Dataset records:
====
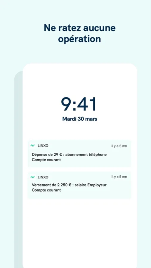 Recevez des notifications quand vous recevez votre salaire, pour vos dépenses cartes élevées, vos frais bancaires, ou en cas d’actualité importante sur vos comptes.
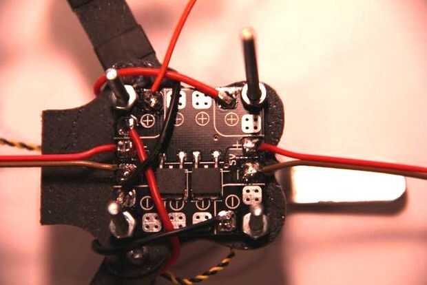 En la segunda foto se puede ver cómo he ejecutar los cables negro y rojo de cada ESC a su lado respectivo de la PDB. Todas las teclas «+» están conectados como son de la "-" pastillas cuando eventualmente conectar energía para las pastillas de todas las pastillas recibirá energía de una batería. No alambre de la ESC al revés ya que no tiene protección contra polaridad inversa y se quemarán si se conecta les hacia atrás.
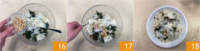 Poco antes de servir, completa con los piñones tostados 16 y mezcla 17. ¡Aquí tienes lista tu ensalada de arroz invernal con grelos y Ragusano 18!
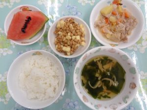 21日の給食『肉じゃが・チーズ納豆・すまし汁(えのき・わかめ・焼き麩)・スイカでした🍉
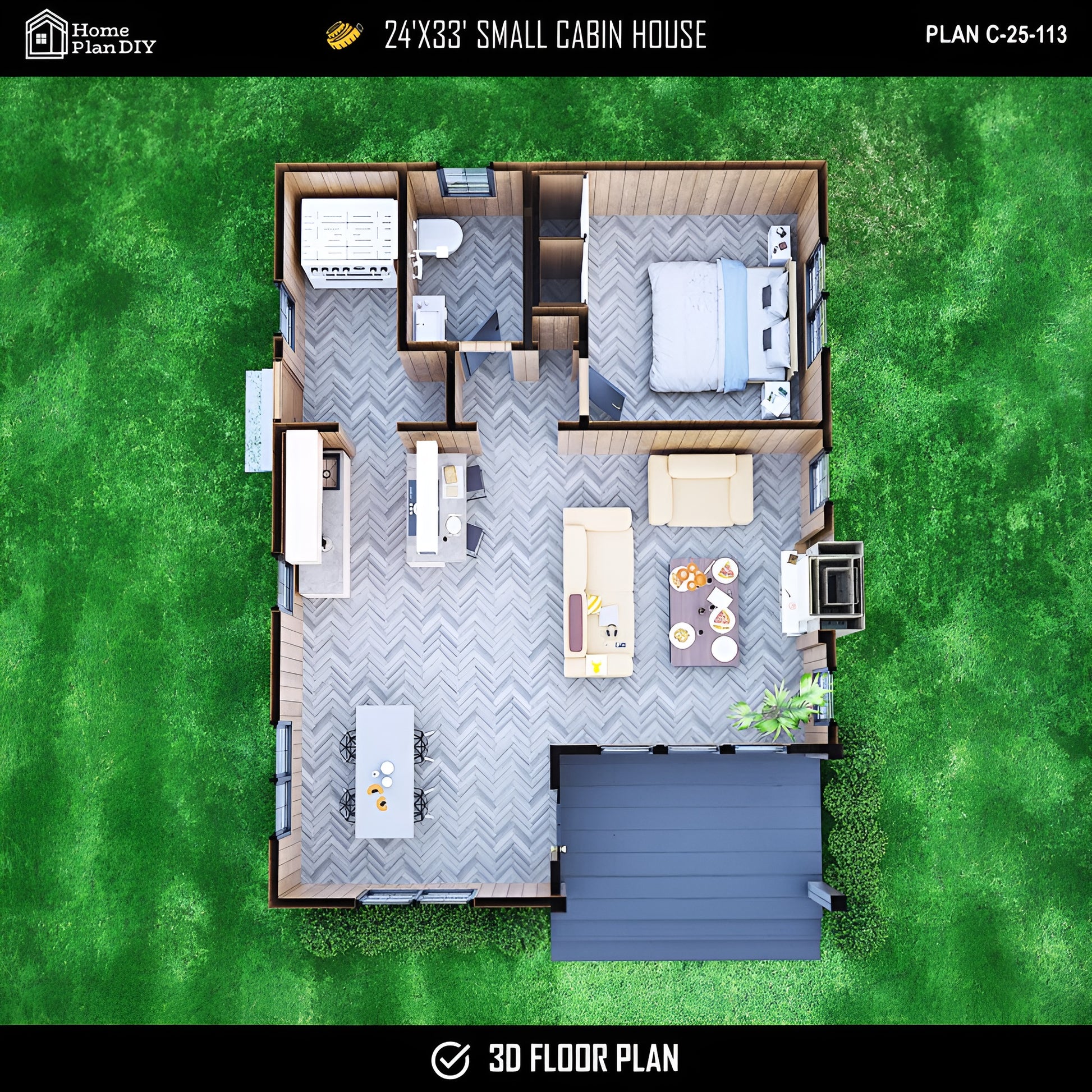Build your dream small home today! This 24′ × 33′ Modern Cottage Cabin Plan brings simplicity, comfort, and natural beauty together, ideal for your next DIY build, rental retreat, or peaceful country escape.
====
### What the exercise asks
Your reply should consist solely of the lines above, from the opening line through the line with "En la segunda", reproduced exactly and without pictures.

### Answer space
 Recevez des notifications quand vous recevez votre salaire, pour vos dépenses cartes élevées, vos frais bancaires, ou en cas d’actualité importante sur vos comptes.
 En la segunda foto se puede ver cómo he ejecutar los cables negro y rojo de cada ESC a su lado respectivo de la PDB. Todas las teclas «+» están conectados como son de la "-" pastillas cuando eventualmente conectar energía para las pastillas de todas las pastillas recibirá energía de una batería. No alambre de la ESC al revés ya que no tiene protección contra polaridad inversa y se quemarán si se conecta les hacia atrás.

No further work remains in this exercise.